In my case, I have 2 EBS volumes on each of my database servers, mounted as /dev/sdm and /dev/sdn. I created the following symlinks for /dev/sdm (and similar for /dev/sdn):


ln -snf /usr/share/munin/plugins/diskstat_ /etc/munin/plugins/diskstat_latency_sdm
ln -snf /usr/share/munin/plugins/diskstat_ /etc/munin/plugins/diskstat_throughput_sdm
ln -snf /usr/share/munin/plugins/diskstat_ /etc/munin/plugins/diskstat_iops_sdm

Here's what metrics you get from these plugins:

  • from diskstat_iops: Read I/O Ops/sec, Write I/O Ops/sec, Avg. Request Size, Avg. Read Request Size, Avg. Write Request Size
  • from diskstat_latency: Device Utilization, Avg. Device I/O Time, Avg. I/O Wait Time, Avg. Read I/O Wait Time, Avg. Write I/O Wait Time
  • from diskstat_throughput: Read Bytes, Write Bytes
My next step is to follow the advice of Mark Seger (the author of collectl) and graph the output of collectl in real time, so that the stats are displayed in fine-grained intervals of 5-10 seconds instead of the 5-minute averages that RRD-based tools offer.

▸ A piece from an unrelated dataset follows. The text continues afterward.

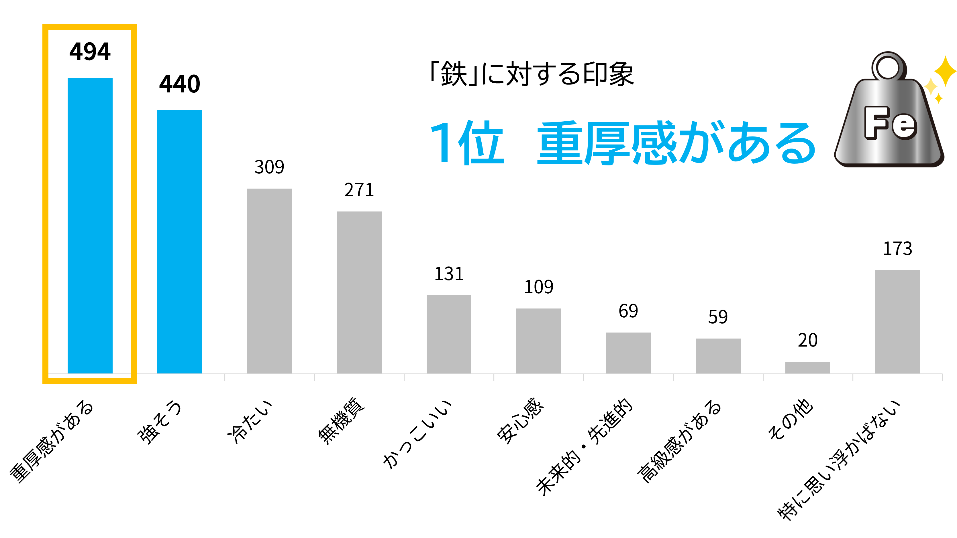 鉄に対する印象を聞く質問では、「重厚感がある」「強そう」が上位にランクイン。鉄は重量があり頑丈な印象が強い金属素材ですが、昨今では技術進歩により軽量化も進んでおり、強度を保ちつつ軽量な鉄素材も増えています。

Tuesday, September 21, 2010

Quick note on installing and configuring Ganglia

I decided to give Ganglia a try to see if I like its metric visualizations and its plugins better than Munin's. I am still in the very early stages of evaluating it. However, I already banged my head against the wall trying to understand how to configure it properly. Here are some quick notes:

1) You can split your servers into clusters for ease of metric aggregation.

2) Each node in a cluster needs to run gmond. In Ubuntu, you can do 'apt-get install ganglia-monitoring' to install it. The config file is in /etc/ganglia/gmond.conf. More on the config file in a minute.

3) Each node in a cluster can send its metrics to a designated node via UDP.

4) One server in your infrastructure can be configured as both the overall metric collection server, and as the web front-end. This server needs to run gmetad, which in Ubuntu can be installed via 'apt-get install gmetad'. Its config file is /etc/gmetad.conf.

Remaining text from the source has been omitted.